[Source data]
+ + + + +

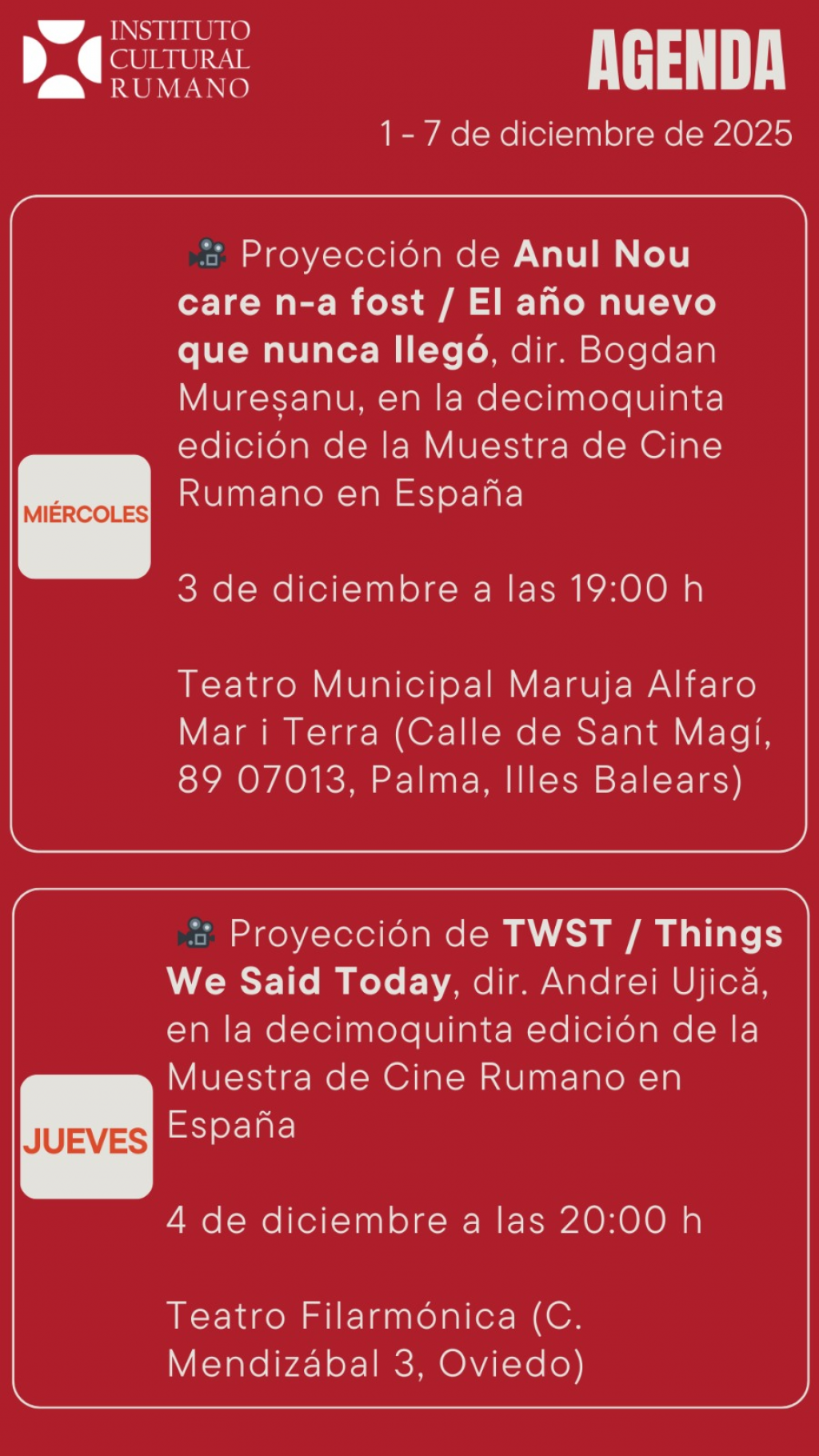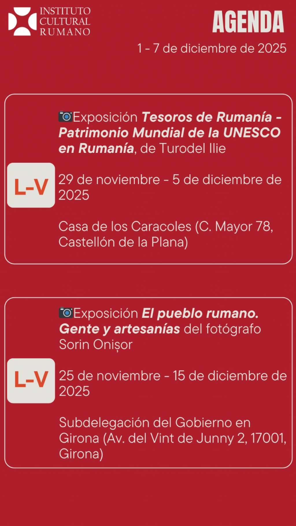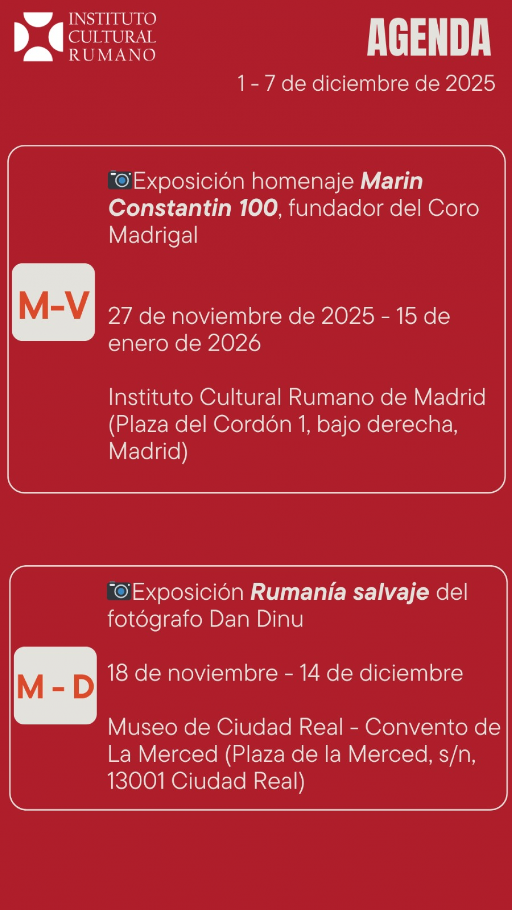 Agenda săptămânală a ICR Madrid, 1- 7 decembrie 2025
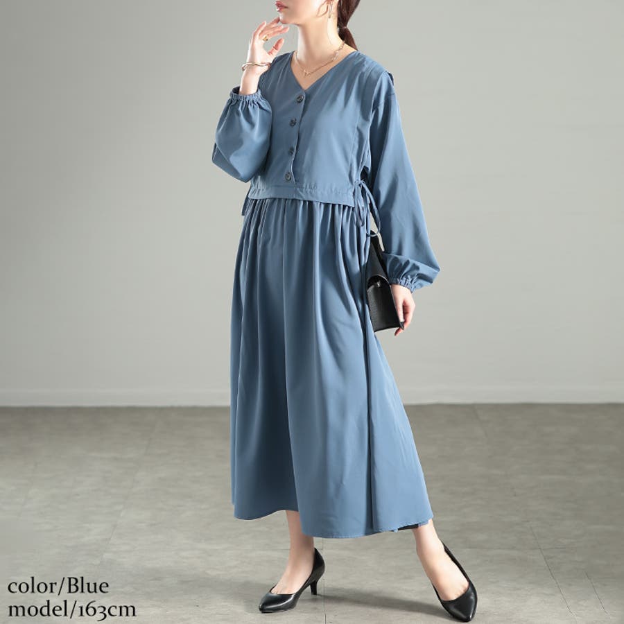 同色のベストを重ねているような、レイヤード風デザインだから一枚でコーデが完成。ウエストサイドには、リボンが結べる仕様で女性らしいアクセントに。切り替え部分のたっぷりギャザーでふんわりと体型をカバーしてくれる頼れるワンピース。
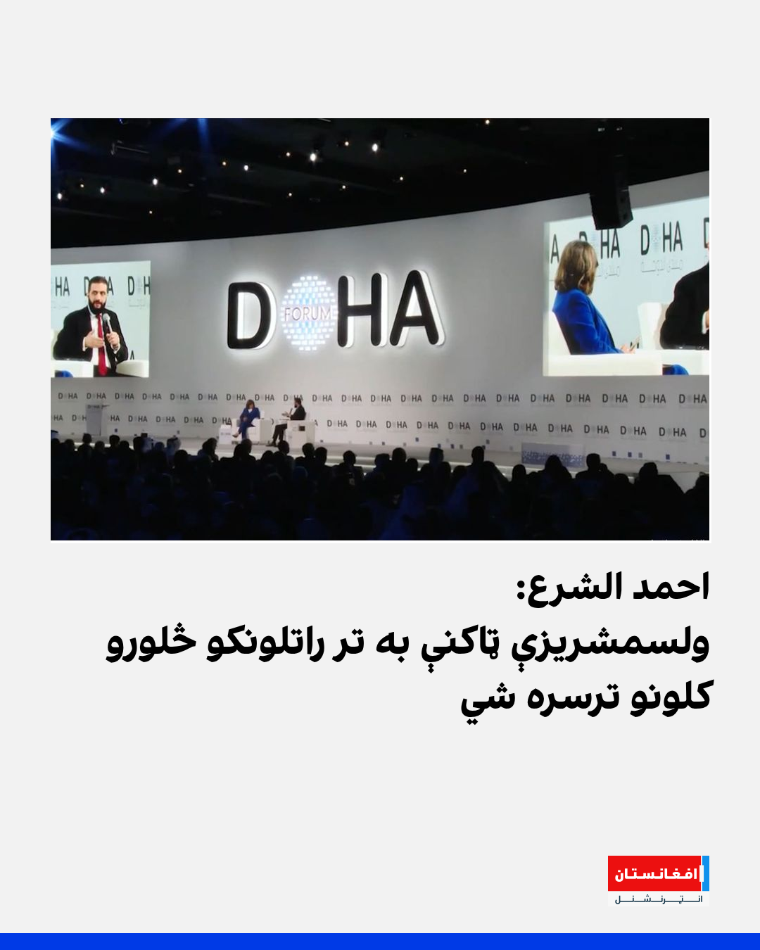 د سوریې لنډ مهالي ولسمشر احمد الشرع د دوحې فورم په ۲۳مه غونډه کې وویل، د سوریې په اوسني دولت کې ټولې ډلې حضور لری او د مذهب او قومیت پر بنسټ د واک وېشنه «لویه تېروتنه» ده. هغه په ډاګه کړه، چې تر راتلونکو څلورو کلونو به ولسمشریزې ټاکنې وشي.
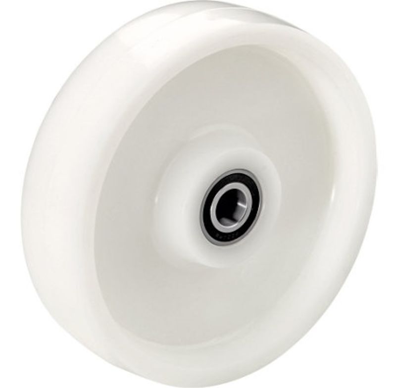 Polyamidhjul, kulelager, hjul Ø x bredde 125 x 40 mm, lastekapasitet 600 kg. Høy slitestyrke Vidtgående bestandig mot mange fortynnede syrer og lut Temperaturbestandig fra –40 °C til +90 °C. Termoplastisk plast på polyamidbasis.
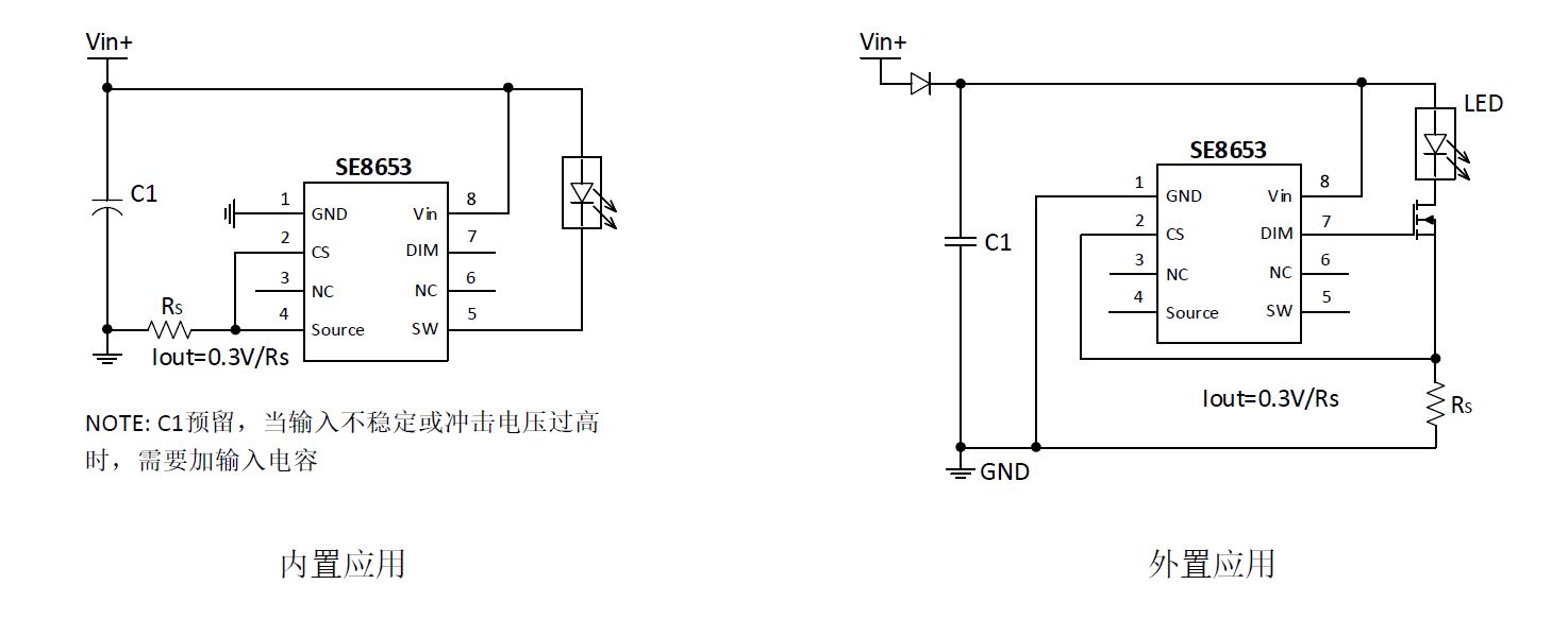SE8653 支持 PWM 調光和模擬調光,可通過 PWM 腳用 PWM 信號調節 LED 輸出電流。通過 VIN 腳可以實現模擬調光。
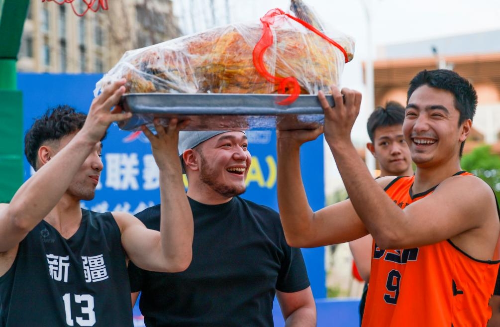 5月5日,101隊球員凱迪爾丁&middot;開熱曼(右)與隊友祖法爾&middot;瑪黑爾(中)、杰蘇爾&middot;瓦熱斯江展示冠軍獎品&mdash;&mdash;一只新鮮出爐的烤全羊 ... [更多詳細]
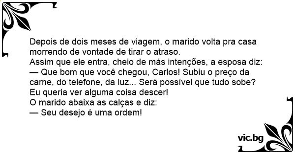 O marido abaixa as calças e diz:
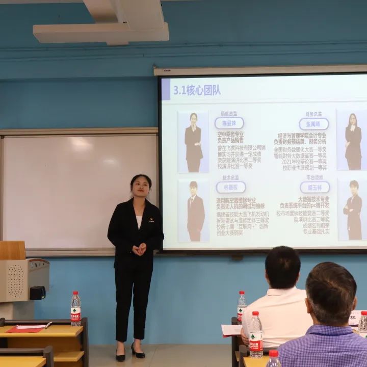 本次大赛我们有幸邀请到创新创业学院院长林霞、创新创业学院副院长王登清、创新创业学院指导老师雷筱珍、福州奇拓电子有限公司董事长付月华,担任通用航空产业学院第一届“创翼”大学生创新创业大赛的评委。同时我们也邀请到通用航空产业学院的领导和全体老师莅临比赛现场。

+ + + + +

- [GOAL OF THE EXERCISE] With all pictures omitted, return exactly the lines from the one containing "O marido abaixa" through the end of the entries above.

- [EXERCISE RESPONSE]
 O marido abaixa as calças e diz:
 本次大赛我们有幸邀请到创新创业学院院长林霞、创新创业学院副院长王登清、创新创业学院指导老师雷筱珍、福州奇拓电子有限公司董事长付月华,担任通用航空产业学院第一届“创翼”大学生创新创业大赛的评委。同时我们也邀请到通用航空产业学院的领导和全体老师莅临比赛现场。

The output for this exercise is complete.